▶ **TASK DIRECTIONS**:
Write out, without any change, the lines in the material below that run from the line with "120 päivän pölypussikapasiteetti" through the line with "Kemerli, regular kesim, lacivert", both included.

▶ **GIVEN INFORMATION**:
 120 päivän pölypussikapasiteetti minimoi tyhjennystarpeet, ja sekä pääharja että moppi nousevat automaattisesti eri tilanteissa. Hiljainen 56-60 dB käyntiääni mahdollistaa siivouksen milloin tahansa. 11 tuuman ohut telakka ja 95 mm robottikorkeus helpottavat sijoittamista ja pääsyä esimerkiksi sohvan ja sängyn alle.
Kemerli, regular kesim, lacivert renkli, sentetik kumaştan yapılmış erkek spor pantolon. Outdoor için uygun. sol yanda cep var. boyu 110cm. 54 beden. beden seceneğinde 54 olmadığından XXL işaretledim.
---
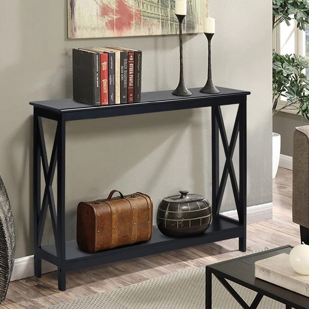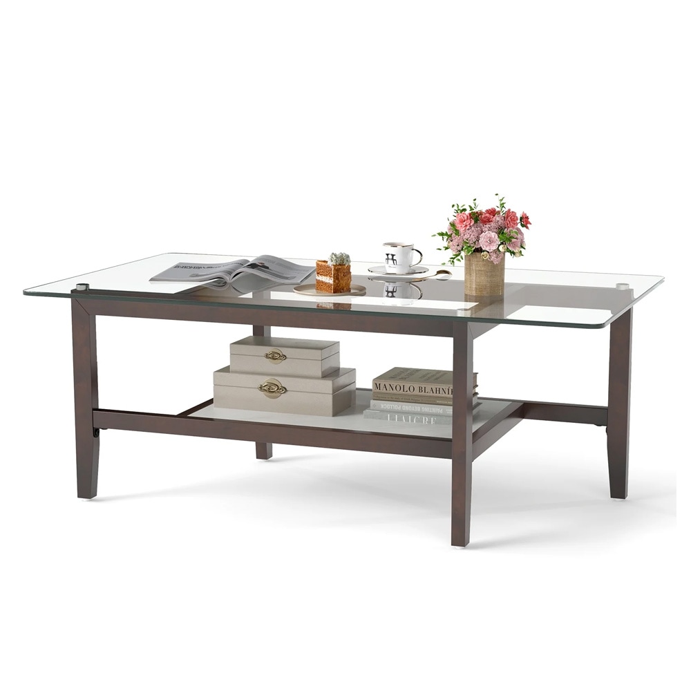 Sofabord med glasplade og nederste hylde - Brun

▶ **SOLUTION TO THE PROBLEM**:
 120 päivän pölypussikapasiteetti minimoi tyhjennystarpeet, ja sekä pääharja että moppi nousevat automaattisesti eri tilanteissa. Hiljainen 56-60 dB käyntiääni mahdollistaa siivouksen milloin tahansa. 11 tuuman ohut telakka ja 95 mm robottikorkeus helpottavat sijoittamista ja pääsyä esimerkiksi sohvan ja sängyn alle.
Kemerli, regular kesim, lacivert renkli, sentetik kumaştan yapılmış erkek spor pantolon. Outdoor için uygun. sol yanda cep var. boyu 110cm. 54 beden. beden seceneğinde 54 olmadığından XXL işaretledim.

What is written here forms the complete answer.